The solid stress in growing tumor develops as a result of: (a) an increased density of cancer cells, stromal cells and ECM components within a defined periphery of the host tissue (defined as residual stress), and (b) the reciprocal compression by the adjacent host tissue (defined as reciprocal stress). Such compressive stresses can regulate tumor morphology, growth, and metastasis [57].
So, from the above discussion, it is obvious that TME creates a preparative and supportive biomechanical atmosphere for the disease to perpetuate. Now, in accordance with the scope of our present review, we would like to dig out the studies regarding the effects of biomechanical anomalies of TME on the CSCs and the signaling pathways involved.
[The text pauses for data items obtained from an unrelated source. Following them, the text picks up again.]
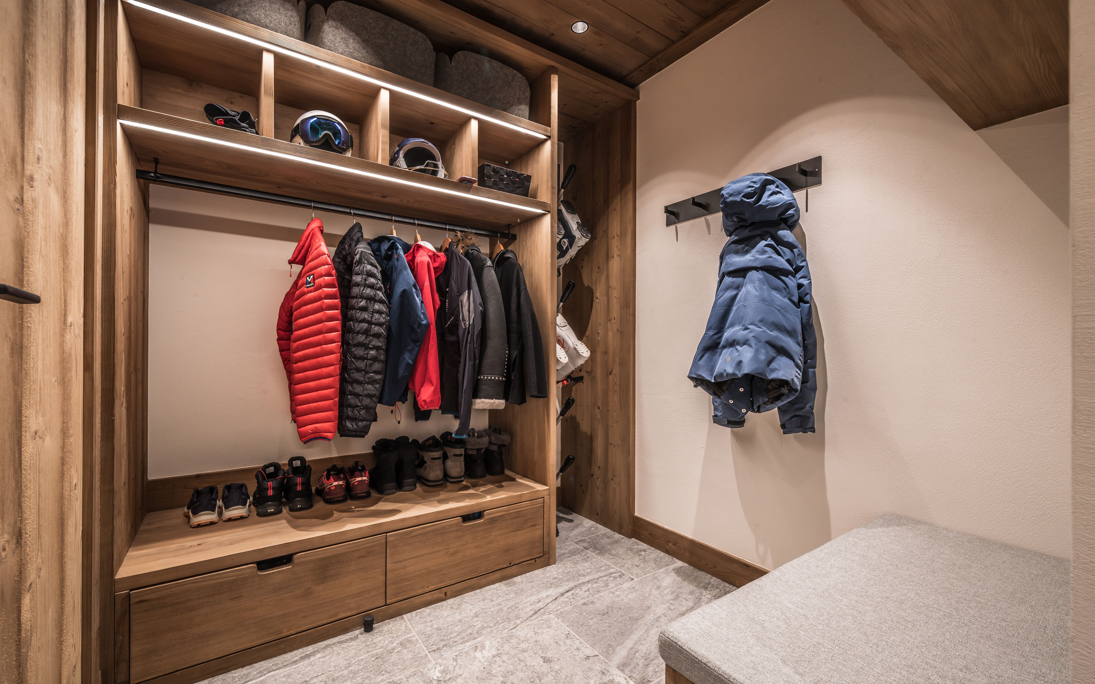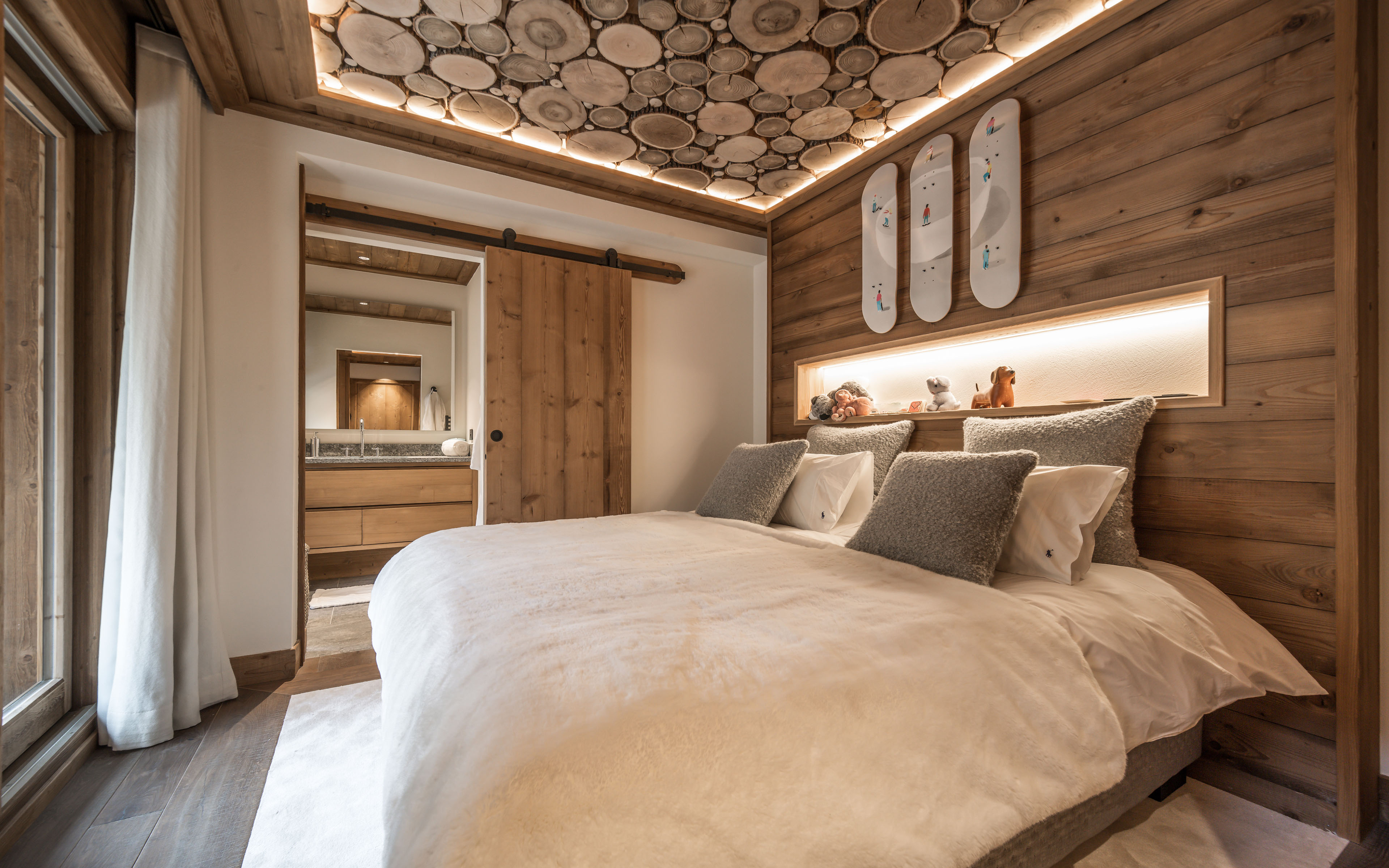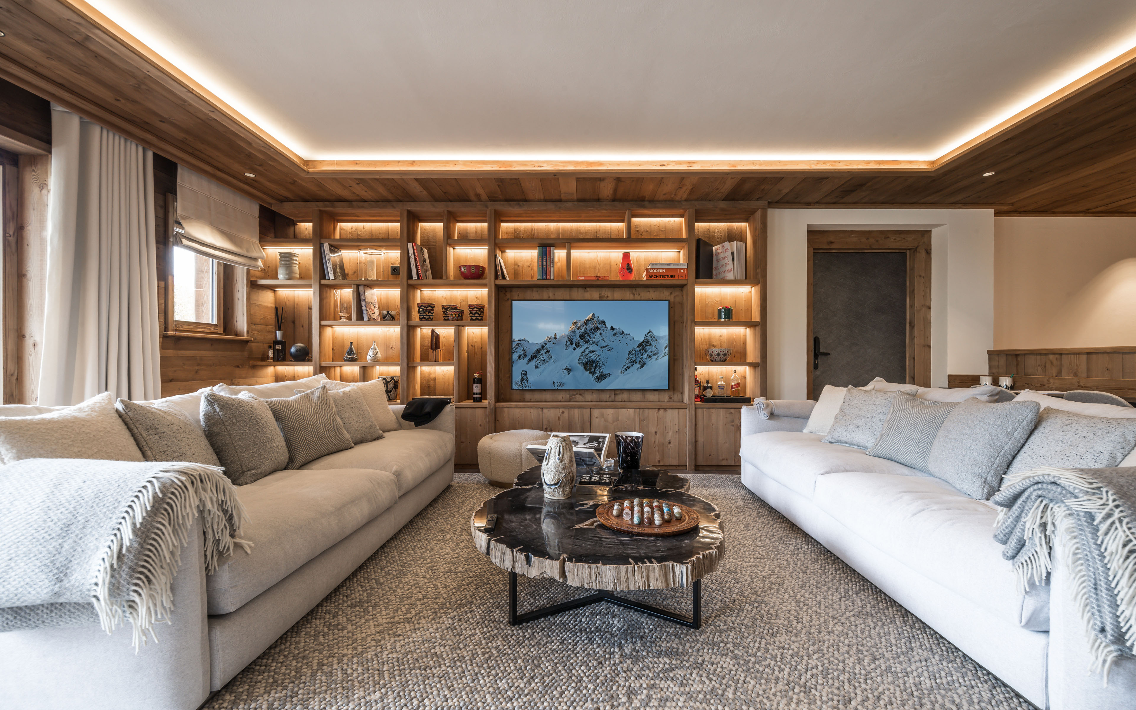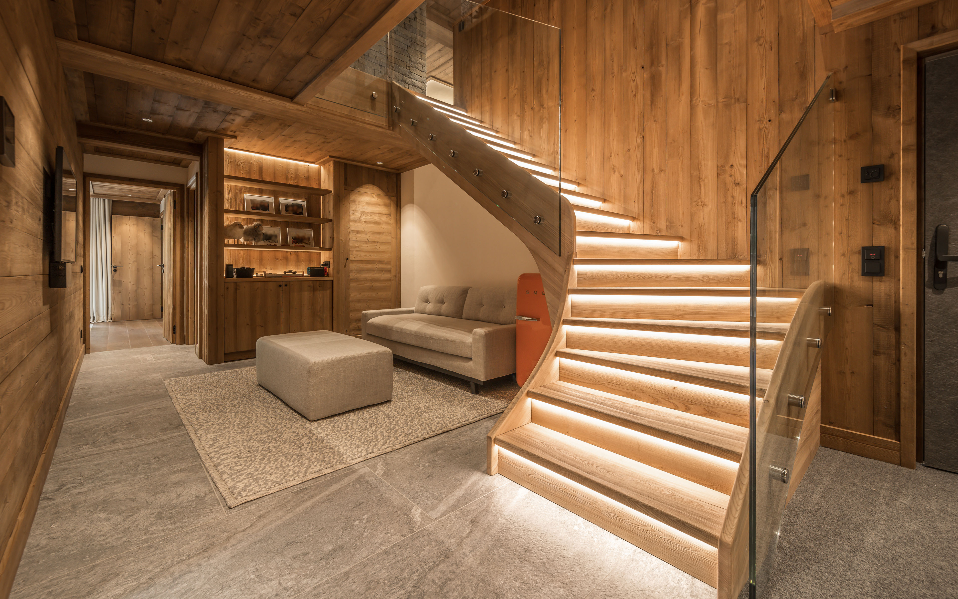 Dans la copropriété des Marmottons à Courchevel, cet appartement a été réalisé entièrement sur mesure. Que ce soit l’escalier avec éclairage intégré et verre pincé, les multiples bibliothèques, les salles de bains en pierre de luserne, la cuisine en marbre et métal, le client a exigé une cohérence des espaces/matériaux et une qualité de finition poussée pour ce beau duplex. La décoration a été confiée à Home&U.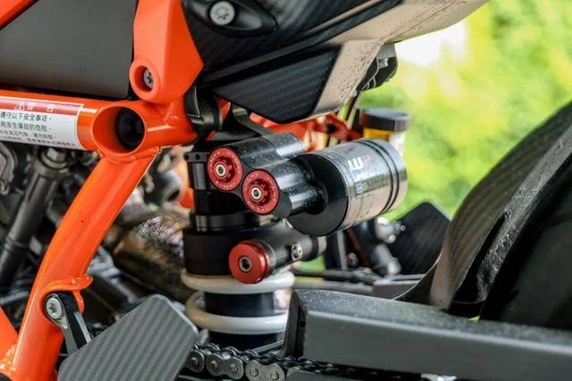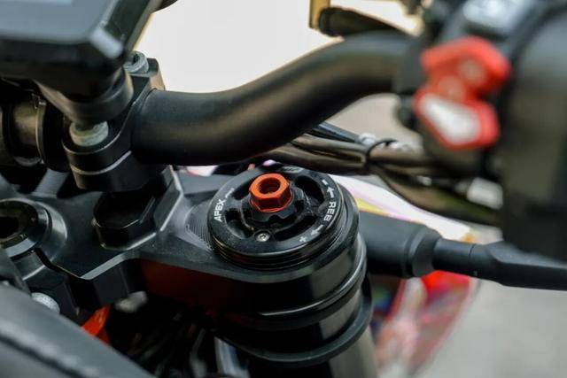 在碳纖外殼下,是一套為駕馭狂潮而生的硬核裝備。前WP APEX PRO 7548和后WP APEX PRO 7746懸掛系統(tǒng)堪稱賽道下放的黑科技,比1290SDR的前后減震進(jìn)一步提升。前倒叉為分體式壓縮回彈設(shè)計,再加上封閉式腔體技術(shù)讓這款減震阻尼更加穩(wěn)定,頂級的機(jī)械減震。后減震裝備單獨(dú)儲油罐,更大儲油量,為減震器帶來更好散熱表現(xiàn),彈簧預(yù)載可在無工具情況下快速調(diào)節(jié),允許車手將避震器長度從353mm調(diào)整到360mm,憑借SCS BIG VALVE 大口徑閥片技術(shù),最大限度為車手提供精準(zhǔn)的反饋。當(dāng)車輛壓過彎中顛簸,這套懸掛以近乎讀心術(shù)般的響應(yīng)吸收震動,將干擾隔絕于車架之外,讓輪胎始終緊貼路面,這正是RR彎中如軌道車般穩(wěn)定的秘訣。再加上APEX Pro 7117可調(diào)肽尺,擁有30段可調(diào)阻尼。無論是街道還是賽道,這套減震完全可以應(yīng)付。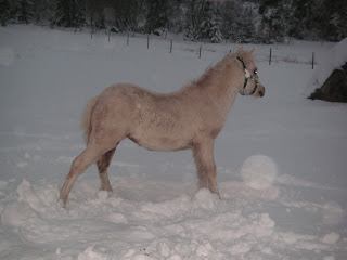 Ja nu har vintern kommit till Grillby! Socker, Blondie, Lillan, Busan eller vad hon nu ska heta var lika lycklig som hundarna över detta vita kalla som täcker allt. Hon klev bara ut ur stallet och vek ihop benen direkt utanför dörren, rätt ner i den mysiga snön.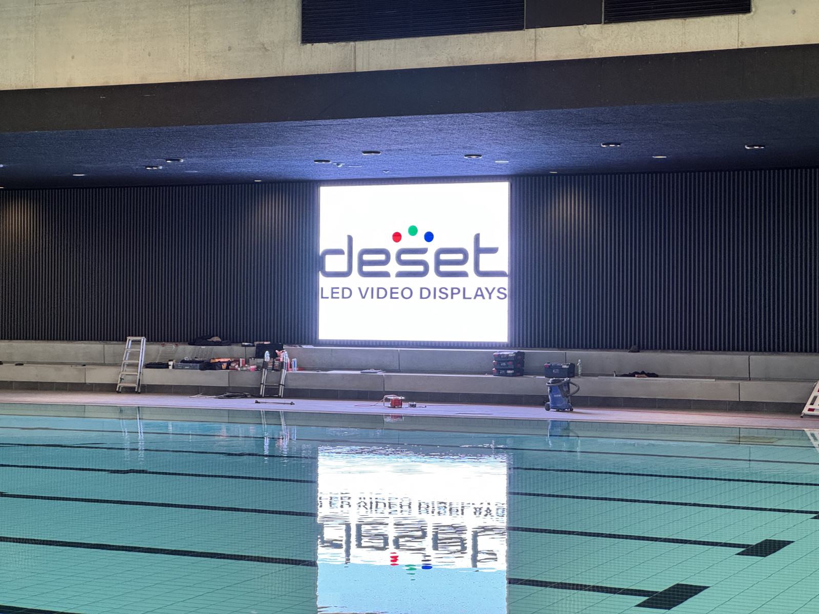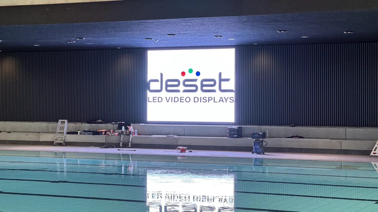 Outdoor LED Display in Wandmontage für die Stadtwerke Aalen. Die erhöhte Position sorgt für maximale Fernwirkung an einer Hauptverkehrsstraße.

Tumor Microenvironment ‘Niche’s Cancer Stem Cells: Mechanomolecules in Action
Cells can sense the internal and external mechanical fluctuations in a similar manner, yet more quickly they can sense the chemical changes around or inside them, and decide to take a due course of action which encompasses maintenance of cell size and shape, cell migration, cell competition, cell division and what not! Cellular mechanotransduction is the fancy name to describe the transmission of mechanical signals in the form of chemical cascades by the cells [65]. With our previous understanding of the biomechanical characteristics of CSCs and TME, we hereby discuss how TME creates an advantageous ‘niche’ for CSCs to turn on different mechanosensory pathways that make them special. Extrinsic forces operated by ECM constituents can affect native conformation and related interactions of a great variety of molecules (mechanosensors) which, in response, trigger biologically important reactions leading to covalent modification of enzymes, protein-protein interaction, cytoskeletal rearrangement, changes in gene expressions, and beyond. Mechanosensors commonly consist of ion channels, cytoskeletal proteins, junctional proteins, receptors etc. [65, 66]. Figure 2 simplistically summarizes the common mechanosignaling pathways and their implications in CSCs.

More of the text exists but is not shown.